2. Dress for Comfort
When I first started hiking I wore socks that were quite thin. I figured the lighter material would make my feet feel better at the end of the day. That was actually a big mistake. Those thin socks left my feet sore and blistered. I did a little research and discovered that thick, heavy socks actually worked much better. The big, bulky variety is my sock of choice. They do an excellent job of preventing blisters and keeping my feet dry.
As for the upper part of my body, I start out by dressing in layers. A nice thin shirt next to my skin works well to keep me warm in cooler weather. If my hike starts in the morning, I’ll wear a windbreaker or some type of fabric that lets air get in. My motto is wear clothes that can breathe so you don’t feel weighted down as you’re hiking. As the afternoon sun gets hotter, I just peel away layers to cool down.
3. Pack Smart, Pack Light
As a general rule, I like to keep my backpack under 25 pounds. At this weight, I don’t usually get very fatigued. Plus, the lighter load helps with wear and tear on my legs and shoulders. That said, I still pack everything I’ll need to make the most of my hike.
- Bottled Water—Staying hydrated on the trail is the best thing you can do for your body. So be sure to pack at least two bottles. I don’t recommend drinking from the streams or lakes along the trail as the water can be contaminated.
- Must Haves—The littlest things can have the biggest impact. So remember the essentials like sunscreen, bug repellant, a flashlight, map and compass.

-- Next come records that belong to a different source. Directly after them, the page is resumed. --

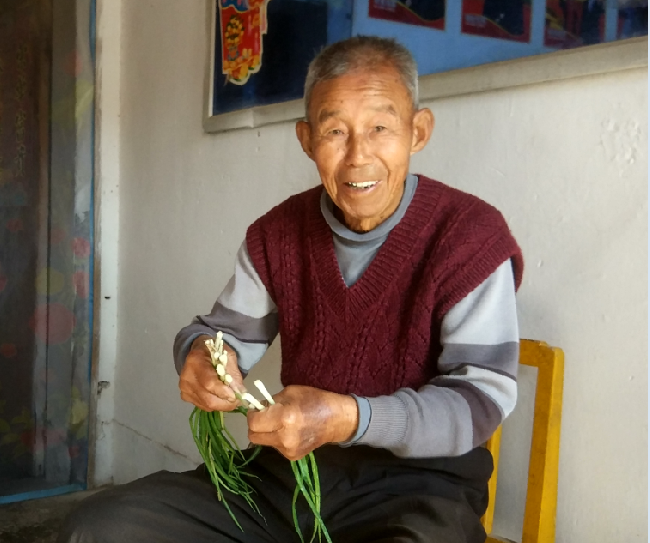 李朋友飲食比較清淡,少肉多素,油鹽也不多。每天下午2點左右,他會定時喝些兒孫們孝敬給他享用的腦白金、牛奶等營養品。每月有近7000元的工資,想買什么就買什么,那么多子女一個也不過問,只是由著他怎么處理,但老人從不亂花瞎用。老人很會做人,也會討兒孫們的歡心,每當他用存單積攢到6萬元錢時,就會6個子女一家1萬地均分,讓兒孫們貼補家用。李朋友對子女出手大方,教育投入上一點也不含糊,一定要他們練好書,學會技能,所以他的子孫都在自食其力地工作,這讓李朋友很是欣慰。當然,李朋友在兒孫中威望極高,逢年過節20多個子孫紛紛來到家中團聚,給老人帶來孝敬的物品,為老人請安祝福,讓老人的晚年生活充滿了快樂!圖為李朋友老人在做晾被栽菜和擇菜時的鏡頭。
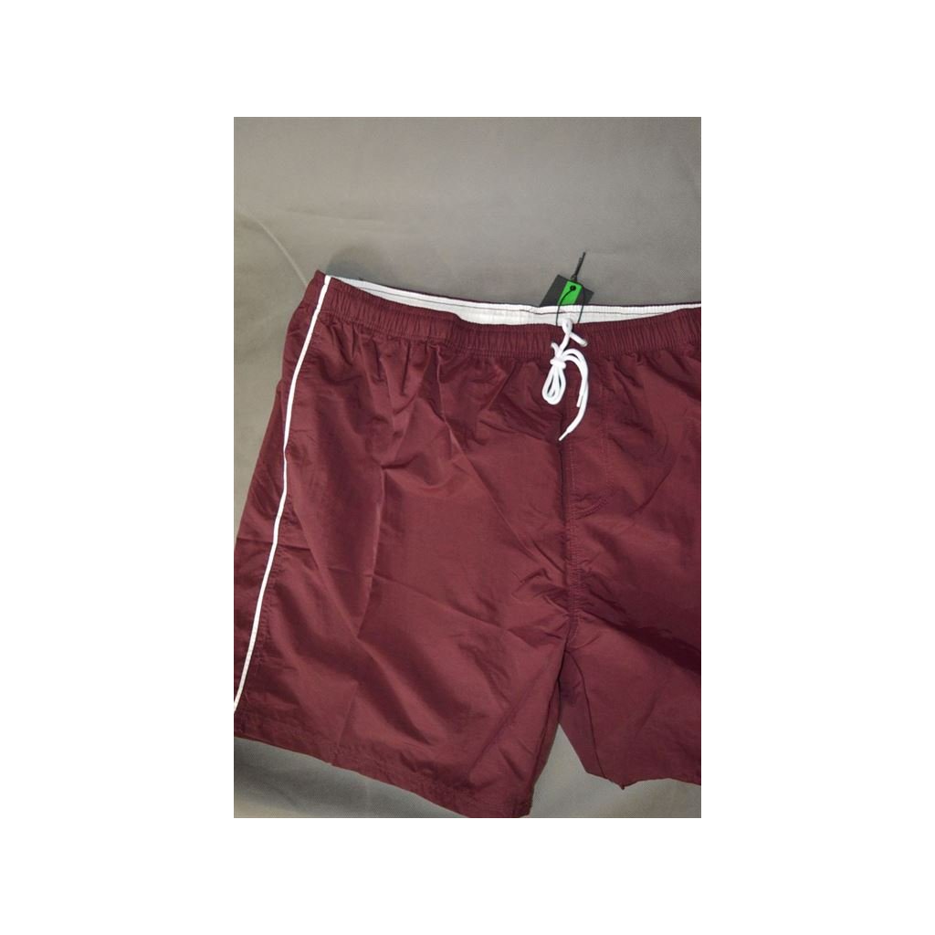 Koupací šortky z rychleschnoucího materiálu . Uvnitř siťkové slipy. V pase prošitá široká guma se šňůrkou pro snadnou regulaci stažení. V bočních švech všité kapsy, na zadním dílle našitá kapsa na suchý zip, uvnitř malá síťovaná kapsička, barva bordo, materiál. 100% nylon
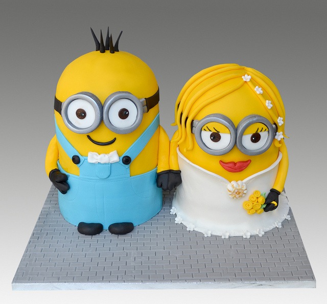 I now pronounce you minion and wife! This marvelous Minions Wedding Cake was made by Gelly’s Cakes. The two minion figures are terrific. Gelly’s design of the bride is absolutely wonderful. I could easily see her appearing in Despicable Me 3! Thanks to the awesome Jeff Rothman for sending me this cake! In addition, check
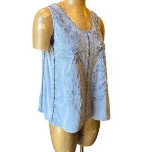 KARYN SEO Handmade BOHO Sleeveless Embroidererd Ladder Lace Top Sz S #236K
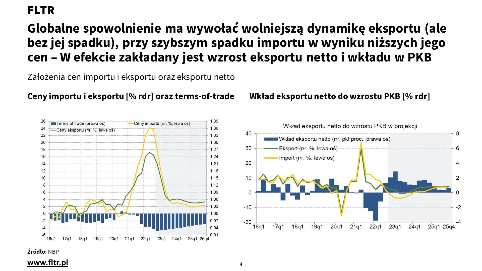 - Wzrost eksportu netto w wyniku szybszego spadku importu (szybko spadające ceny importu) niż spowolnienia eksportu (wywołanego globalnym spowolnieniem) - w efekcie także poprawa bilansu płatniczego kraju.
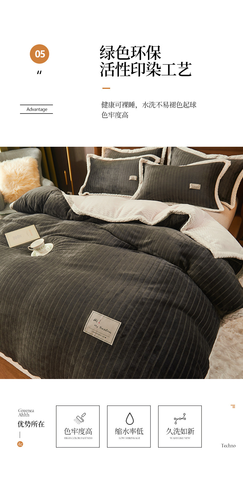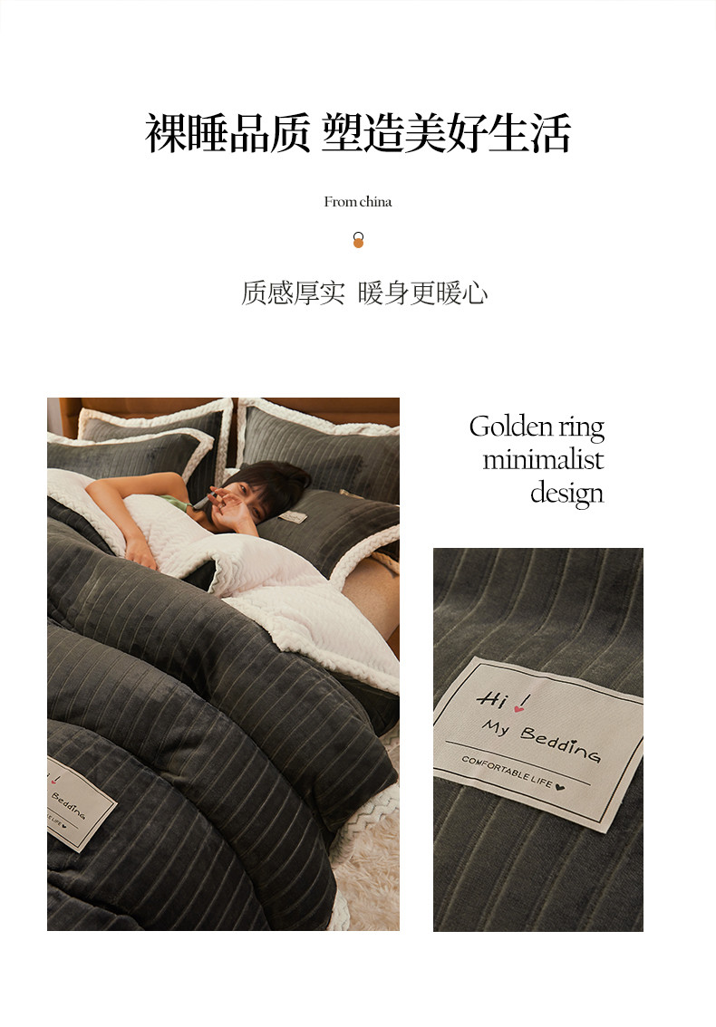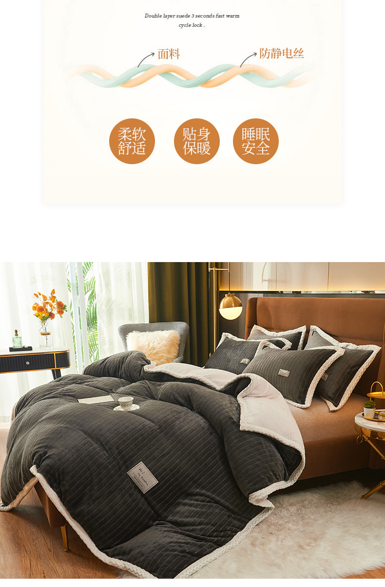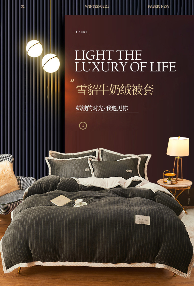 商品名称:全季家居 2023新款纯色印花抗静电大包边牛奶绒贝贝绒单被套 深灰
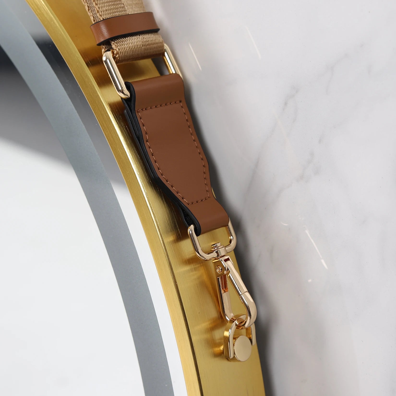 Round LED Illuminated Bathroom Mirror Hanging Wall Vanity Mirror Demister Dimmable Aluminum Fram HD Glass
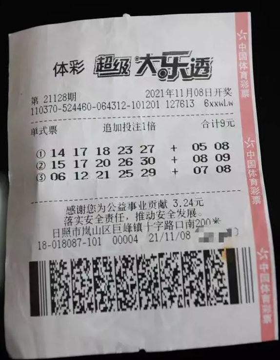 11月8日,体彩大乐透第21128期开奖,山东日照一购彩者凭借一张投注金额为9元的3注单式票一举中得追加投注一等奖1注,喜获奖金1378万元。
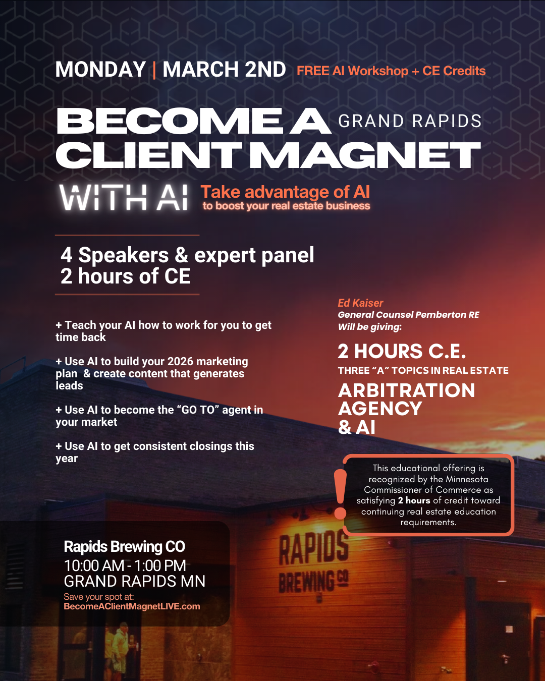 This educational offering is recognized by the Minnesota Commissioner of Commerce as satisfying 2 hours of credit toward continuing real estate education requirements.
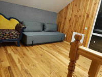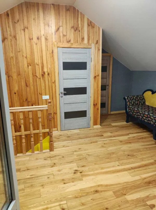 Будинок на одній ділянці з іншим, основним будинком!!! Суміжна ділянка!!! Перший поверх: передпокій, кухня-студія, сан вузол спільний, кімната; Другий поверх: вітальня, кімната, сан вузол спільний, в кімнатах другого поверху підлогова дошка, балкон 1м шириною. Кухня нова з новою варильною поверхнею, духовою шафою та холодильником 1м. Мікрохвильова піч, кавова машинка та пральна машинка не нові. В кімнаті на першому поверсі кондиціонер новий. В сан вузлі дзеркало з підігрівом та підсвіткою Опалення: весь перший поверх - тепла підлога , Другий поверх - батареї, в сан вузлі електрична тепла підлога. Є стабілізатор напруги Чудове місце розташування: 100м до лісу
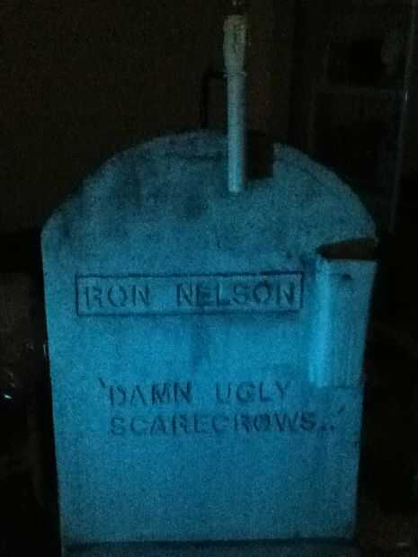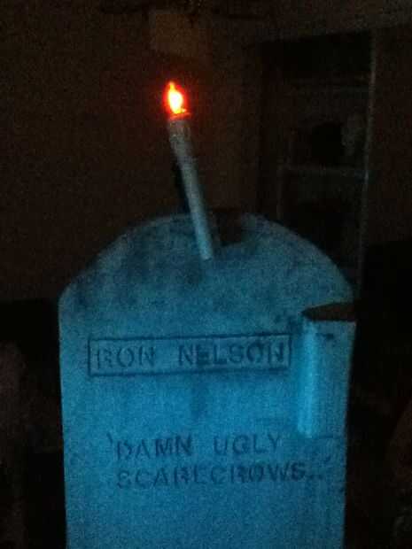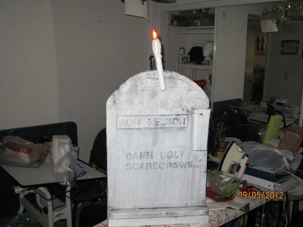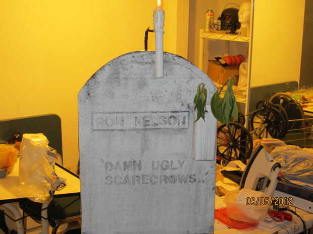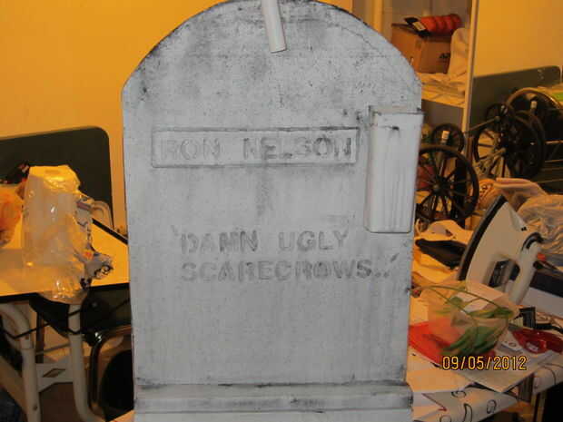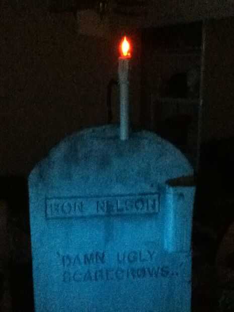 he creado esta lápida en homenaje a un miembro caído en Museo de los Ángeles viven vapores Railroading. Primera historia un poco. Hay estos espantapájaros aspecto tonto que se pueden obtener en Joann que odiaba con pasión. Mantuvo subiendo con interesantes formas de deshacerse de ellos. Bueno, creé este T-piedra con su nombre y uno de sus favoritos murmullos. Es una forma básica piedra sepulcral con un cartón de respaldo junto con un motor de una de esas pantallas de flor de fibra óptica cheapy. Utilicé un alambre de percha metal desplegada para un tramo de tubería de PVC con una bombilla de parpadeo. Añadí un florero y pintado para parecer espeluznante. El motor se mueve realmente lento y parece maravilloso.

- Snacks—You won’t need a gourmet meal to sustain yourself so only bring along nonperishable items. I like nuts and berries. A handful of these goodies powers me up and keeps me going.
- First Aid—Since I don’t plan on wrestling (or even coming close to) any of the beautiful black bears wandering throughout the Smokies, I suggest carrying only the basics. A few bandages and some antiseptic can go a long way.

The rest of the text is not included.